What is expected: Make an exact copy of the listing, without images.

Supplied data:
=== Begin Enclosure ===

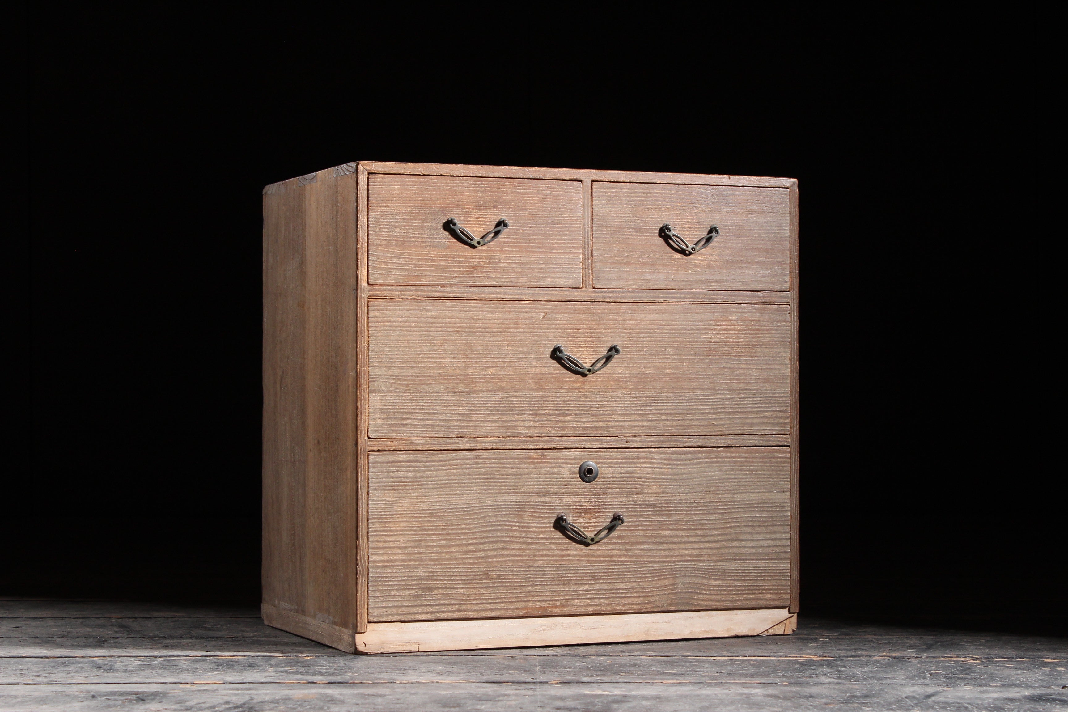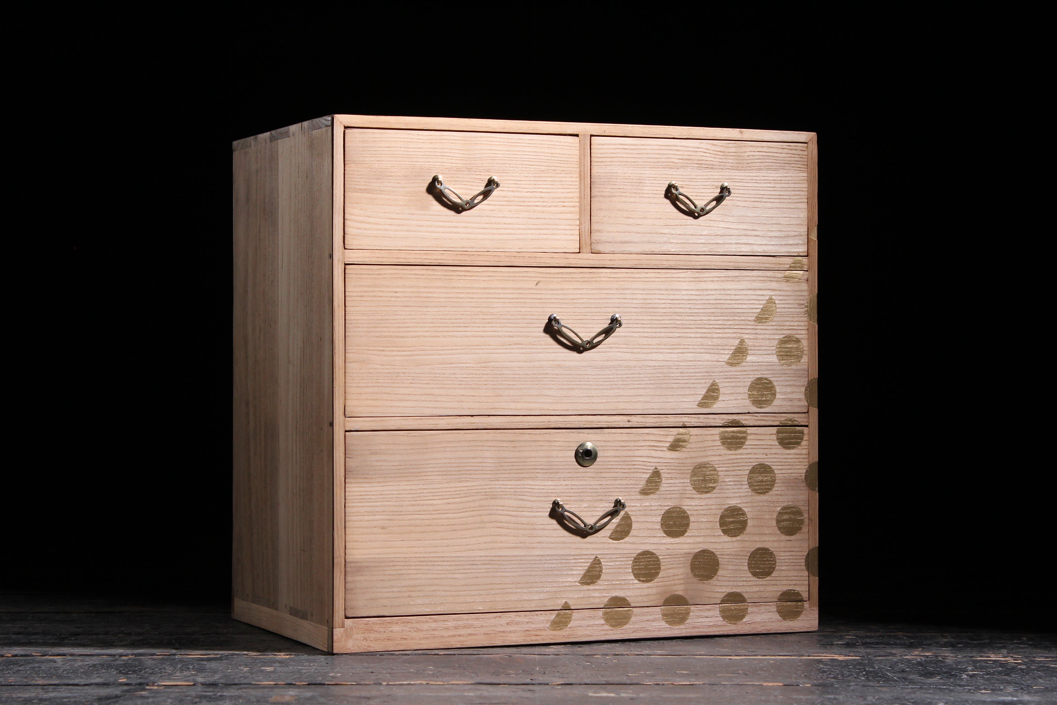 桐材の質感そのままの無塗装で仕上げ、ゴールドの水玉模様をあしらいました。構造の緩みや割れは補修し、引き出しの底板は張り替え、開閉はスムーズにできるよう調整済み。
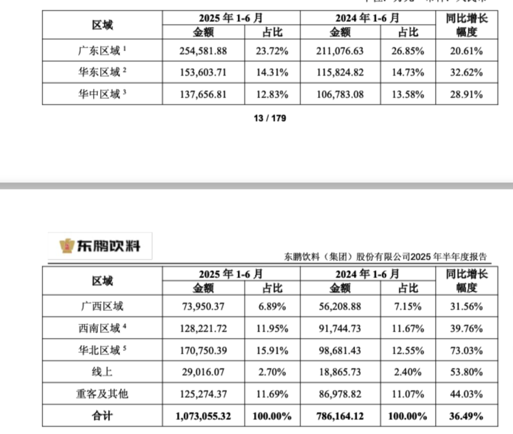 东鹏饮料在财报中指出,营收增长的主要原因是公司在广东区域继续实行全渠道精耕策略,同时积极开拓全国销售渠道,带动 500ml 金瓶及 「东鹏补水啦」 等新品销量增长。
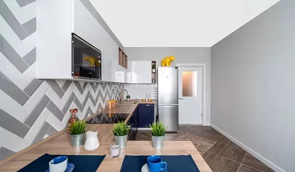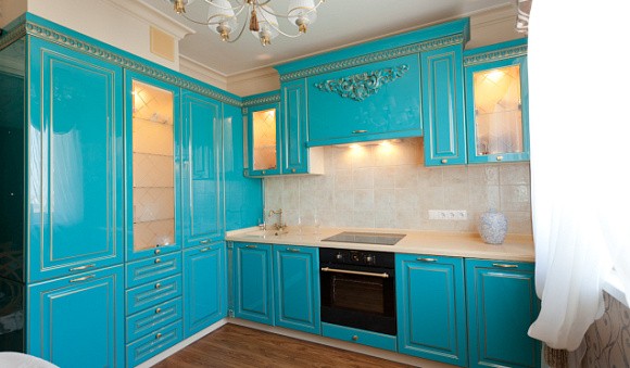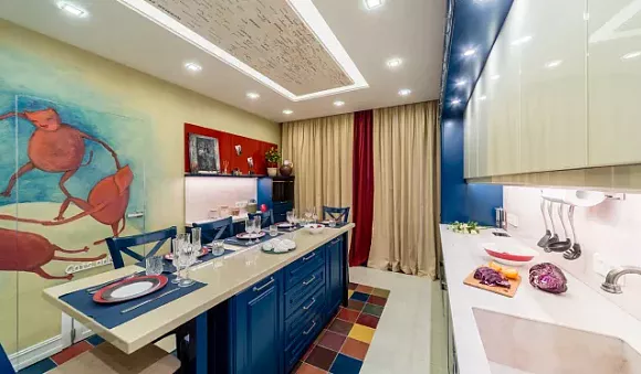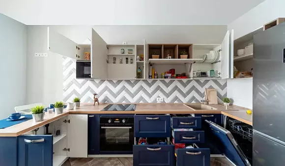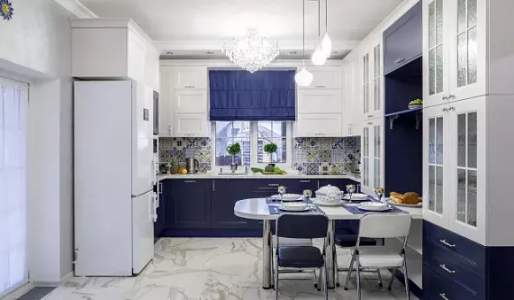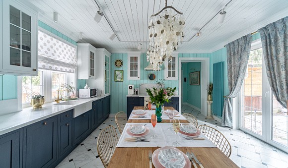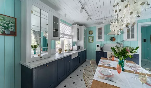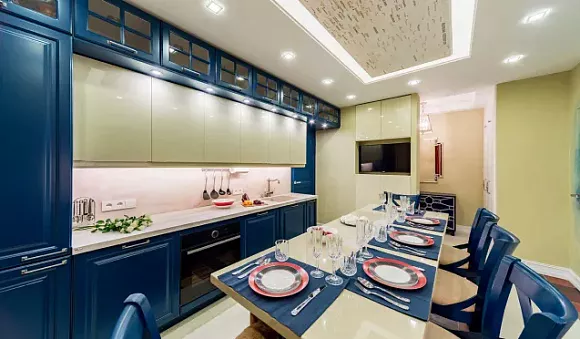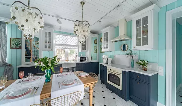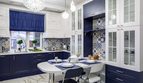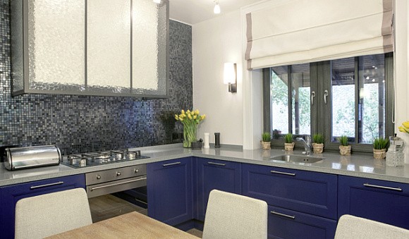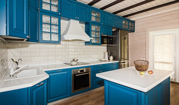 Как применять синий в интерьере кухни

=== End Enclosure ===

Response area:
 桐材の質感そのままの無塗装で仕上げ、ゴールドの水玉模様をあしらいました。構造の緩みや割れは補修し、引き出しの底板は張り替え、開閉はスムーズにできるよう調整済み。
 东鹏饮料在财报中指出,营收增长的主要原因是公司在广东区域继续实行全渠道精耕策略,同时积极开拓全国销售渠道,带动 500ml 金瓶及 「东鹏补水啦」 等新品销量增长。
 Как применять синий в интерьере кухни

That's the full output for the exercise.